All those calculations, made in public, produced widespread despair among a growing number of citizens, heavily disappointed by the Triple Coalition’s government record. Expected electoral cheating and fraud, widely organized buying of votes, and pressure on voters, together with governing parties’ arrogance in re-claiming another mandate, enraged significant sections of Bulgarian society, in particular the urban middle class, which suffered most from widespread corruption and institutional inefficiency. There was only one option to counter the Socialists’ strategy to crawl back to power – a high turnout. Quite powerful awareness-raising campaigns by NGOs and oppositional parties made voting desirable and necessary for a growing number of citizens who felt disenfranchised with political disgust and despair after a number of disappointing electoral choices in the past. A wave of 2/3 of actual voters (the electoral lists are wider than the real number of voters in the country) swept away the triple formula of cheating the voters in favor of a small corporate structure — political minority at the top, organized around the status quo ex-Communist elites, both socialist and liberal.

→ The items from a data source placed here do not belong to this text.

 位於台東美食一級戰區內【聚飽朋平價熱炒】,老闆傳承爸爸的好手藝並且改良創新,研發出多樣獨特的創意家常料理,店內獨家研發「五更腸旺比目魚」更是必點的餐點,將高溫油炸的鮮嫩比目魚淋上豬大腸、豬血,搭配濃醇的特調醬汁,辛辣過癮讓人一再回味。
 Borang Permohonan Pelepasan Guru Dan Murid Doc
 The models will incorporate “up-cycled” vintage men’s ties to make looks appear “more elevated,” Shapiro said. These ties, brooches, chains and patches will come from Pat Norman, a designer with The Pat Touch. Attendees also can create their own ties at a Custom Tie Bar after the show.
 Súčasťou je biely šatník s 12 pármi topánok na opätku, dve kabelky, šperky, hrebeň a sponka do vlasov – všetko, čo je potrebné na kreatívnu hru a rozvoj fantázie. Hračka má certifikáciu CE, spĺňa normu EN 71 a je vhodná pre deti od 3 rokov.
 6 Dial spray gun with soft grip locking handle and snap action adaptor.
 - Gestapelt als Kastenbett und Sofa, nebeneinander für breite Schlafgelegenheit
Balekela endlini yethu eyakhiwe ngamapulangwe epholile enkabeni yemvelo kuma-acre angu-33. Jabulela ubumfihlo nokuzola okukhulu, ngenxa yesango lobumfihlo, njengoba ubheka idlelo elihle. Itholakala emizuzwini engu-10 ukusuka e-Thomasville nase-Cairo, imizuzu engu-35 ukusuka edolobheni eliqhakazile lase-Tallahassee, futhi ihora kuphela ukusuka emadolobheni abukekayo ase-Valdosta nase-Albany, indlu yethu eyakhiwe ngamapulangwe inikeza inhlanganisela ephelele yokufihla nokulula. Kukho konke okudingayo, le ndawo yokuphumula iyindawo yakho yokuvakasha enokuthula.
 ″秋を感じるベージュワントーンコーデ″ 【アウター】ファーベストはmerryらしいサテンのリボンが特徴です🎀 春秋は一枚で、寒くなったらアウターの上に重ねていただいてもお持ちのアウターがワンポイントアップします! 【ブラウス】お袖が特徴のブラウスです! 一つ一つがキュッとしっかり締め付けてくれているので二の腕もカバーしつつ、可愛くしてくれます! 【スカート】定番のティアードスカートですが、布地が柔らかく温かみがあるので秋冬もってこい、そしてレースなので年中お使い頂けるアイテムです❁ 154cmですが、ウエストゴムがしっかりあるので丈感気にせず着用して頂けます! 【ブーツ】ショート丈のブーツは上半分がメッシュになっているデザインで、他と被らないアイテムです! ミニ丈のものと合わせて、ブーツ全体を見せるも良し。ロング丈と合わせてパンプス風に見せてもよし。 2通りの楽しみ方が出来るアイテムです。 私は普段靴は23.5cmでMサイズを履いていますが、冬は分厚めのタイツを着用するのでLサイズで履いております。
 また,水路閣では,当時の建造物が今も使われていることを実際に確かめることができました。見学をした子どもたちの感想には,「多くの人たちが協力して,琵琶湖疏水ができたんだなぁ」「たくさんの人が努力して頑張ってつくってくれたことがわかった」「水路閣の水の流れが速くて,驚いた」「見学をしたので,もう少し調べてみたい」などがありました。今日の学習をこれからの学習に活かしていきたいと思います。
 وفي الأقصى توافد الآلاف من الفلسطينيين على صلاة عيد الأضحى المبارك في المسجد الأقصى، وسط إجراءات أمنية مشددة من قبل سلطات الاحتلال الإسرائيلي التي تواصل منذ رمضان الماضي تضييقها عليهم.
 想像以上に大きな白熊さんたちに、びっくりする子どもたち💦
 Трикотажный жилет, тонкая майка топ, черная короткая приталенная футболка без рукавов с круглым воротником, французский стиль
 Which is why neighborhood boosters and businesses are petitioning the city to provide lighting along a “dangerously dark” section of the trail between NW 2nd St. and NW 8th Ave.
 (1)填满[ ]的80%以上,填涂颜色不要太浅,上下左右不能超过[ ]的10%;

This is why the impressive electoral score of GERB on July 5 is composed of two parts: first, supporters of GERB Party and its leader Borisov, and, second, newly enfranchised pessimists who voted for the most obvious alternative against the Triple Coalition status quo. This composition of electoral support for GERB unfolds both opportunities and strength, as well as potential weaknesses of this party in government. GERB holds a clear mandate for change and reform in the country. Yet the winners around Boyko Borisov will have to face severe challenges and limitations. First, the world financial crisis, which is just rushing on Bulgaria after having swept Europe’s west and north. Second, the government of GERB will have to face an urgent priority of reforming Bulgaria’s institutional system before regaining the benefits of the EU funds for the country. Third, B. Borisov and his team will have to deal with their relative inexperience of government in a time when urgent and punctual decisions will need to be made.